>>>>>

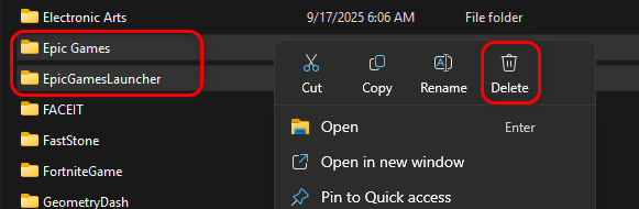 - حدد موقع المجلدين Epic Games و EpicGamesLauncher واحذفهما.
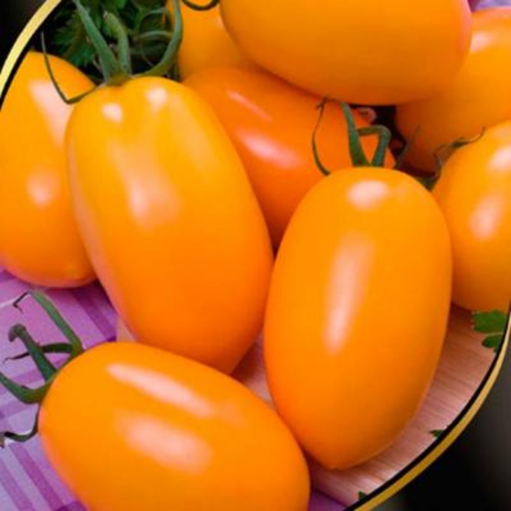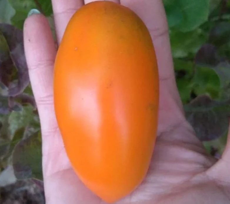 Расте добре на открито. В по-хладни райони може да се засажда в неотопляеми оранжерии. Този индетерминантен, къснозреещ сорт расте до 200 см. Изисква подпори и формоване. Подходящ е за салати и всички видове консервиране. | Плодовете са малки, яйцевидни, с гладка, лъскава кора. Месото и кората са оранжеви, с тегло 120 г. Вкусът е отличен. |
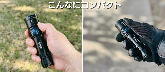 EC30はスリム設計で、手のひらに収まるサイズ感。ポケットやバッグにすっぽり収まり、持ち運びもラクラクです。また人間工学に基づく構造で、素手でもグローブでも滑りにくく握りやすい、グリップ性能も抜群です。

<<<<<
>>>>>

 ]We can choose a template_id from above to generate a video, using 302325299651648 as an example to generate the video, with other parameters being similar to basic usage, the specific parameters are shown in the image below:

<<<<<
>>>>>

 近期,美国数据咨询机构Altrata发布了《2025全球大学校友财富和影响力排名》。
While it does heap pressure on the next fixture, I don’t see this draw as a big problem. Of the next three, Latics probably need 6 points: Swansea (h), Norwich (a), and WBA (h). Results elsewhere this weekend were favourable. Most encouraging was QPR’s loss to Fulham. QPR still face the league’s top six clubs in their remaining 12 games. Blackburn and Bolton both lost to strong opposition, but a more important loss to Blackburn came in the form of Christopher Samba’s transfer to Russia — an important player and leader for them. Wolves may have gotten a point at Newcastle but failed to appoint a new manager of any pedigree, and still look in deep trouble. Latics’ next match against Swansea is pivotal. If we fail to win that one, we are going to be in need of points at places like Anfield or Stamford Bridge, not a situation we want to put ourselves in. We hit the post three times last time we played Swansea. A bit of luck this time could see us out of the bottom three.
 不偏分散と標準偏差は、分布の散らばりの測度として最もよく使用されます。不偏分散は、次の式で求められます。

<<<<<

» **What you are asked to do**:
Beginning with the line holding "近期,美国数据咨询机构Alt" and ending with the line holding "不偏分散と標準偏差は、分布の", write out the stretch of material above exactly; add no further lines.

» **Output below**:
 近期,美国数据咨询机构Altrata发布了《2025全球大学校友财富和影响力排名》。
While it does heap pressure on the next fixture, I don’t see this draw as a big problem. Of the next three, Latics probably need 6 points: Swansea (h), Norwich (a), and WBA (h). Results elsewhere this weekend were favourable. Most encouraging was QPR’s loss to Fulham. QPR still face the league’s top six clubs in their remaining 12 games. Blackburn and Bolton both lost to strong opposition, but a more important loss to Blackburn came in the form of Christopher Samba’s transfer to Russia — an important player and leader for them. Wolves may have gotten a point at Newcastle but failed to appoint a new manager of any pedigree, and still look in deep trouble. Latics’ next match against Swansea is pivotal. If we fail to win that one, we are going to be in need of points at places like Anfield or Stamford Bridge, not a situation we want to put ourselves in. We hit the post three times last time we played Swansea. A bit of luck this time could see us out of the bottom three.
 不偏分散と標準偏差は、分布の散らばりの測度として最もよく使用されます。不偏分散は、次の式で求められます。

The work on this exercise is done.